▶ **DATA PROVIDED**:
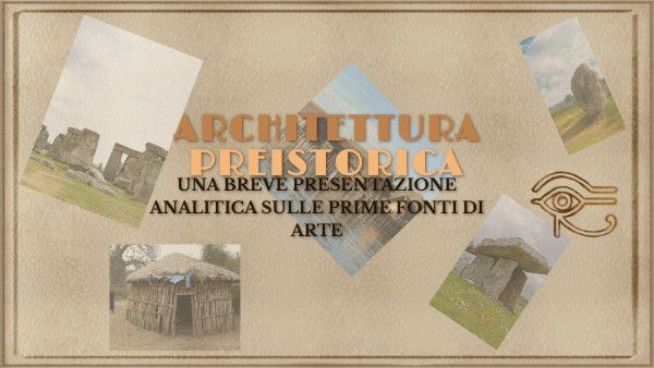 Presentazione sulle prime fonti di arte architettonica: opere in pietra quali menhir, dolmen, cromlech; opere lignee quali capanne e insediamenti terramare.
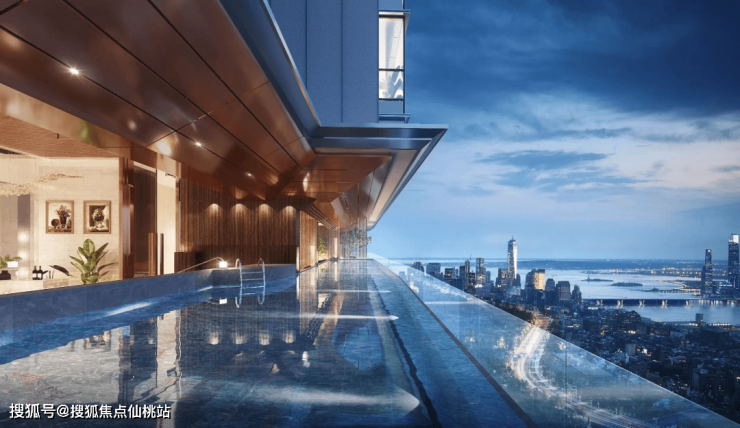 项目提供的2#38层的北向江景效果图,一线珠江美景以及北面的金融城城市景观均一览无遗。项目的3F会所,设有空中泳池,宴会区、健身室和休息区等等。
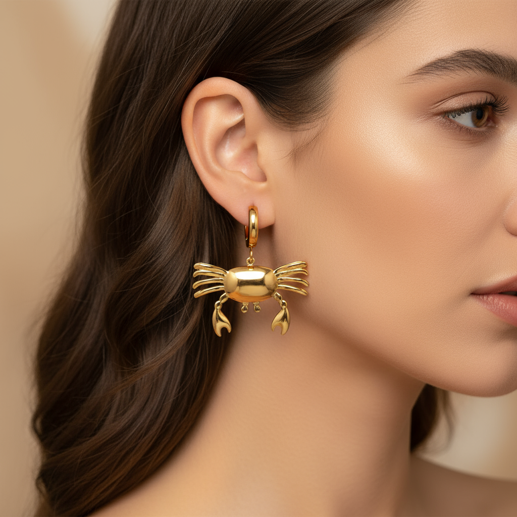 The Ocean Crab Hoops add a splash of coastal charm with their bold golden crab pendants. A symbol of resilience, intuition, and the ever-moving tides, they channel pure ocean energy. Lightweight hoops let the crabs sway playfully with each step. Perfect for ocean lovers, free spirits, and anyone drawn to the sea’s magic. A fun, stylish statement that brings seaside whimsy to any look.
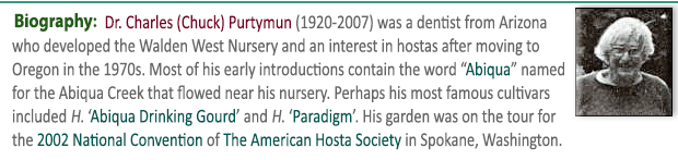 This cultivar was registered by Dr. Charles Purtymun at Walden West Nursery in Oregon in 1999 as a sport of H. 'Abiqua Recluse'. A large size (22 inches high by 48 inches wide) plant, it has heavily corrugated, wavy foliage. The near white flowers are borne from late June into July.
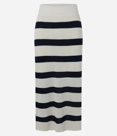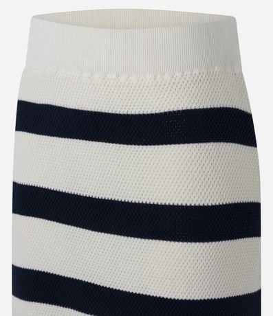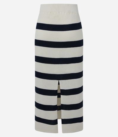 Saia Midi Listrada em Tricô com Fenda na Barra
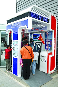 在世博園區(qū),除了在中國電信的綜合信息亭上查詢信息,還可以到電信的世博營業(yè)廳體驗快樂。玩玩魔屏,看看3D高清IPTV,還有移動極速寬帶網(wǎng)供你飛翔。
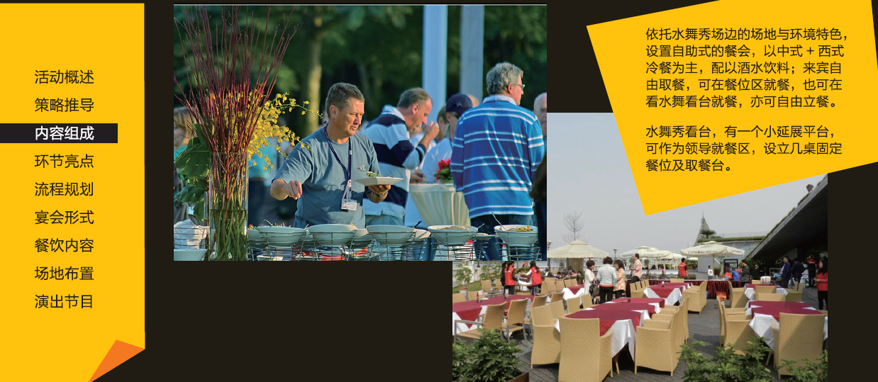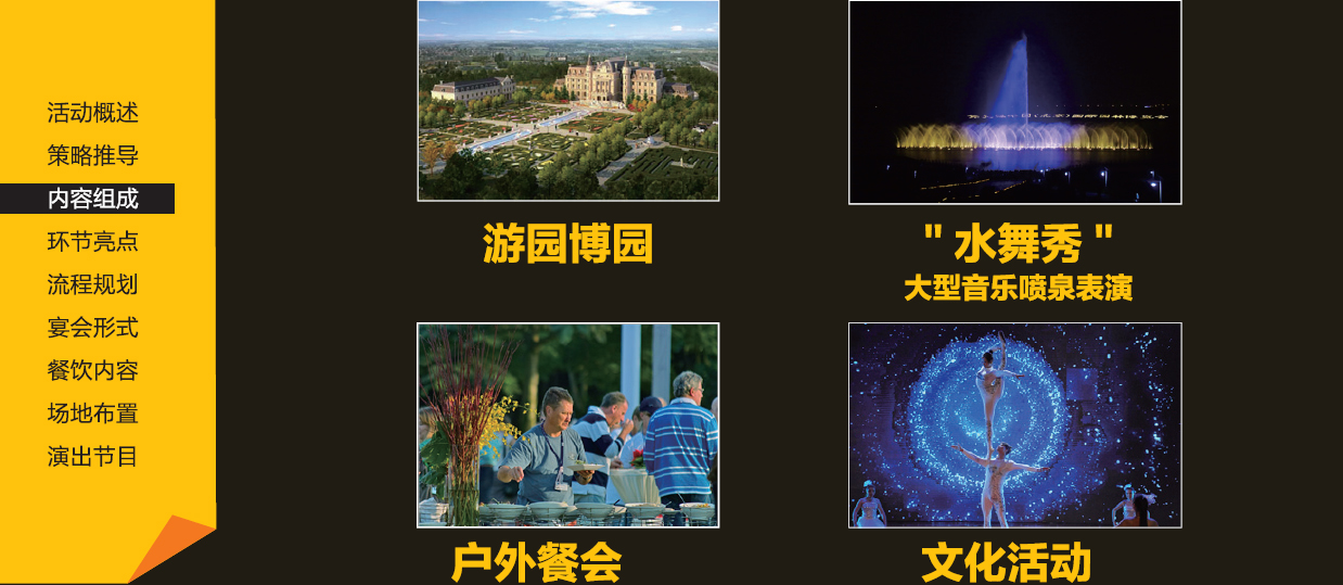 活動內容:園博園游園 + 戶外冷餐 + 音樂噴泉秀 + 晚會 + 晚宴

▶ **TASK INSTRUCTIONS**: Start at the line holding "项目提供的2#38层的北向江" and stop at the last line of the entries above. Repeat those lines exactly, pictures excluded.

▶ **SOLUTION TO THIS TASK**:
 项目提供的2#38层的北向江景效果图,一线珠江美景以及北面的金融城城市景观均一览无遗。项目的3F会所,设有空中泳池,宴会区、健身室和休息区等等。
 The Ocean Crab Hoops add a splash of coastal charm with their bold golden crab pendants. A symbol of resilience, intuition, and the ever-moving tides, they channel pure ocean energy. Lightweight hoops let the crabs sway playfully with each step. Perfect for ocean lovers, free spirits, and anyone drawn to the sea’s magic. A fun, stylish statement that brings seaside whimsy to any look.
 This cultivar was registered by Dr. Charles Purtymun at Walden West Nursery in Oregon in 1999 as a sport of H. 'Abiqua Recluse'. A large size (22 inches high by 48 inches wide) plant, it has heavily corrugated, wavy foliage. The near white flowers are borne from late June into July.
 Saia Midi Listrada em Tricô com Fenda na Barra
 在世博園區(qū),除了在中國電信的綜合信息亭上查詢信息,還可以到電信的世博營業(yè)廳體驗快樂。玩玩魔屏,看看3D高清IPTV,還有移動極速寬帶網(wǎng)供你飛翔。
 活動內容:園博園游園 + 戶外冷餐 + 音樂噴泉秀 + 晚會 + 晚宴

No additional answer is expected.